The brightest and most glorious hope for Christ's redeemed people is, no doubt, His promise to return and remove His bride from earthly to heavenly scenes. This promise was given by our loving Lord when His followers sorely needed comfort and encouragement, as He was about to leave them. So He said to them,
"I go to prepare a place for you, and if I go and prepare a place for you, I will come again and receive you unto Myself, that where I am there ye may be also" (John 14:2,3).
"This is rightly called "the Hope of the Church." But were not those to whom the words were first addressed disappointed in their expectation?-and those- thousands who have since gone through life cheered by this promise, have they not expected in vain?-No! dear fellow-believer, No! for something more has been unfolded in the Scriptures of Truth for our comfort.
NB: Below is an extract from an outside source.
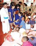 During the celebrations, scouts and girl guides from the Ismaili Community took turns to feed the disabled children.

Let us notice, first, that the Lord did not say, You shall not die, but, "I will come again and receive you unto Myself." Of Abraham and others like him in the Old Testament we read, "These all died in faith (of the promises), not having received" them-they saw them afar off only, and the revelation to them went no further. But to us, the heavens are opened since our Lord Jesus has gone there. Stephen, as he was being stoned to death, saw Him, and called upon Him there to receive his spirit; and in Phil. 1:23 the apostle of the Church says he had "a desire to depart, and to be with Christ-which is far better" than to wait for Him here. Then in 1 Thess. 4:15, 16, he says,
"This we say unto you by the word of the Lord, that we that are alive (that are left unto the coming of the Lord) shall in no wise precede them that are fallen asleep. For the Lord Himself shall descend from heaven with a shout.. . and the dead in Christ shall rise first. Then we that are alive (that are still upon earth), shall together with them be caught up in the clouds to meet the Lord in the air:and so shall we ever be with the Lord."
Those that have died have not missed the promise, after all. The order given above is clear and definite:All shall hear that blessed Voice; and the bodies of those that have died will be quickened by the Spirit and become the glorified abodes of their spirits; and, in a moment, the living being also changed, the entire Church will stand upon the earth together, to be instantly caught up from the earth to meet the Lord coming down for His Bride!
Picture a saint walking a weary world for many years, waiting for the Lord to appear as He promised. Time passes, the frail body becomes weaker, unable to endure until He comes, the Lord takes his spirit to spend the balance of the waiting-time with Himself. This parenthetical interval is blissfully passed in rest and peace with Christ. The moment decreed in the all-wise counsels of God arrives, and again the saint finds himself in his body on the earth as though he had never left it. Removing the parenthesis, he stands as linked with the previous years upon the earth, viewing the blessed Saviour coming for him. He, too, participates in the joy that the Master has returned to take him with all the saints, to the glorious and blessed home prepared by His own hands for His Bride!
Our loving Bridegroom, the saints in heaven, and the brethren on earth are all waiting for that supreme moment when Christ and the Church shall be manifested in glory together-when we shall commence together that new and blessed life in the realm of light to which the blood of Christ gives us right and title. May we live more in the sanctifying power of this hope. It may be that the Lord is even now preparing to arise from the throne and give the glad welcome, "Come up hither." R. P. H.